→ What the exercise asks
Line by line, copy the entries exactly, excluding the pictures.

(Records for this task Opens)

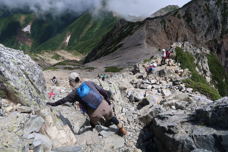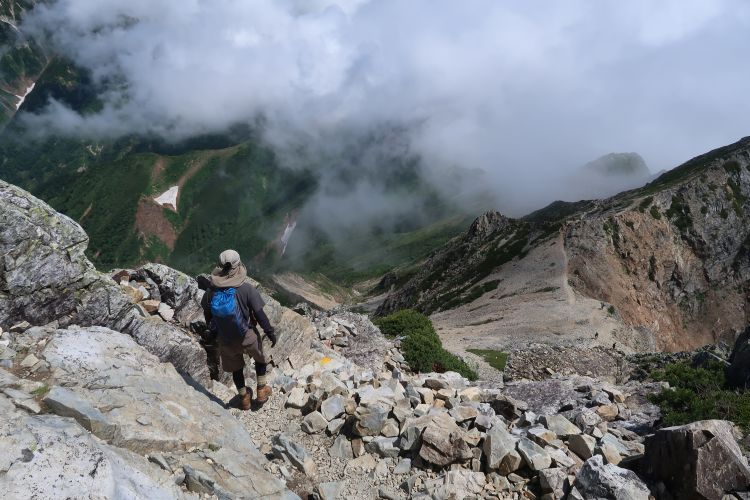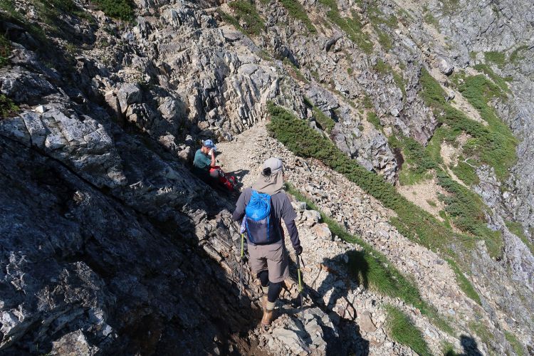 足場はしっかりしていたが、両手を使った方が安全なので、途中でストックはザックにしまった。
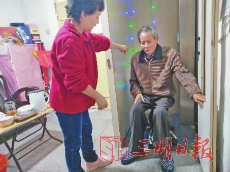 2015年,俞芳绍的类风湿更加严重了,双腿基本没办法走路,出不了门。这接下来的两年时间,他几乎没下过楼,生活起居都在二楼。可这样下去总不是办法。2017年底,俞芳绍花了2万多元,上网买了一部电梯,由专业人员上门安装。有了电梯后,他上下楼方便多了。
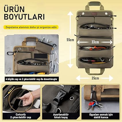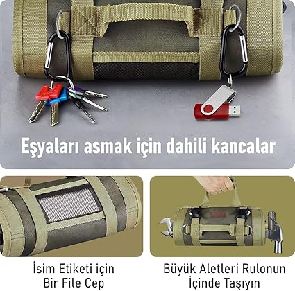 Alet Çantası, Ağır Hizmet Tipi Kanvas Rulo Takım Çantası, Katlanabilir Alet Organizer El Çantası, Tamirci Marangoz Teknisyen Hobici Takım Çantası, Alet Takım Anahtar Düzenleyici Çanta Haki
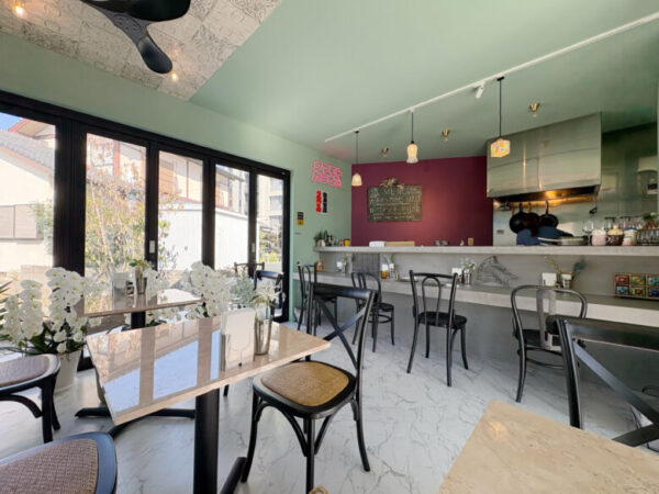 店内は、グリーンベースにワインレッドのアクセントクロスがおしゃれです。
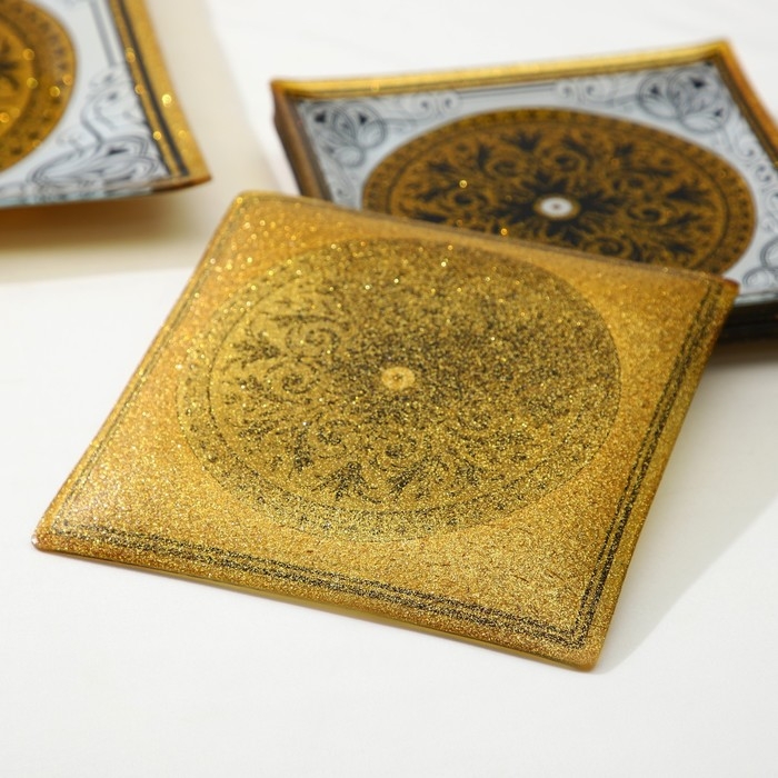 Набор столовый «Арабеска», 7 предметов: 30×30 см - 1 шт, 18×18 см - 6 шт, цвет золотой, серый
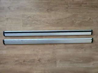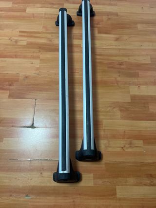 Barras de techo Thule WingBar de aluminio – 135 cm (juego de 2). 🔹 Presentan marcas normales de uso, sin afectar a su funcionamiento. 🔹 Una de las barras incluye goma, la otra no la lleva (ver fotos). Ideales para montar portabicicletas, cofres de techo o portaesquís. Resistentes, ligeras y aerodinámicas. 📦 Hago envío. 📍 Entrega en mano posible, según horario, en Castellbisbal, Barcelona, Molins de Rei, Sant Joan Despí o Puigcerdà.
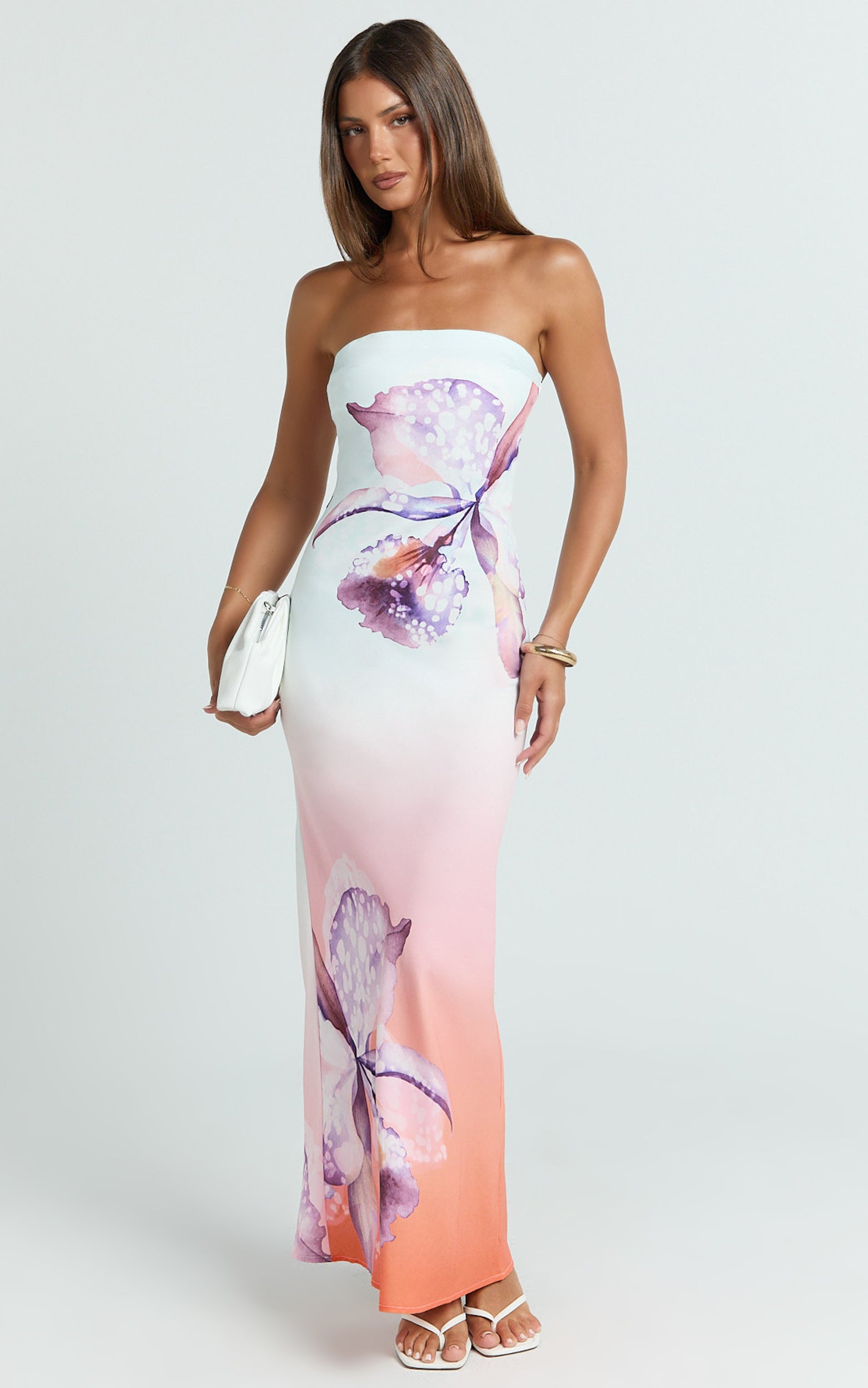 The Elouise Maxi Dress in Orchid Ombre features a sleek, fitted silhouette designed to flatter every curve with a smooth, sculpted finish. The clean strapless neckline frames the décolletage beautifully - perfect for a glowing skin moment or a bold statement necklace. The orchid ombre print steals the show with its flowing, romantic hues, making this maxi ideal for weddings, parties, and summer occasions. Style it with loose curls, strappy heels, silver earrings, and a chic clutch for effortless glam that moves from sunset cocktails to dance-floor moments.

(Records for this task Closes)

→ Written solution
 足場はしっかりしていたが、両手を使った方が安全なので、途中でストックはザックにしまった。
 2015年,俞芳绍的类风湿更加严重了,双腿基本没办法走路,出不了门。这接下来的两年时间,他几乎没下过楼,生活起居都在二楼。可这样下去总不是办法。2017年底,俞芳绍花了2万多元,上网买了一部电梯,由专业人员上门安装。有了电梯后,他上下楼方便多了。
 Alet Çantası, Ağır Hizmet Tipi Kanvas Rulo Takım Çantası, Katlanabilir Alet Organizer El Çantası, Tamirci Marangoz Teknisyen Hobici Takım Çantası, Alet Takım Anahtar Düzenleyici Çanta Haki
 店内は、グリーンベースにワインレッドのアクセントクロスがおしゃれです。
 Набор столовый «Арабеска», 7 предметов: 30×30 см - 1 шт, 18×18 см - 6 шт, цвет золотой, серый
 Barras de techo Thule WingBar de aluminio – 135 cm (juego de 2). 🔹 Presentan marcas normales de uso, sin afectar a su funcionamiento. 🔹 Una de las barras incluye goma, la otra no la lleva (ver fotos). Ideales para montar portabicicletas, cofres de techo o portaesquís. Resistentes, ligeras y aerodinámicas. 📦 Hago envío. 📍 Entrega en mano posible, según horario, en Castellbisbal, Barcelona, Molins de Rei, Sant Joan Despí o Puigcerdà.
 The Elouise Maxi Dress in Orchid Ombre features a sleek, fitted silhouette designed to flatter every curve with a smooth, sculpted finish. The clean strapless neckline frames the décolletage beautifully - perfect for a glowing skin moment or a bold statement necklace. The orchid ombre print steals the show with its flowing, romantic hues, making this maxi ideal for weddings, parties, and summer occasions. Style it with loose curls, strappy heels, silver earrings, and a chic clutch for effortless glam that moves from sunset cocktails to dance-floor moments.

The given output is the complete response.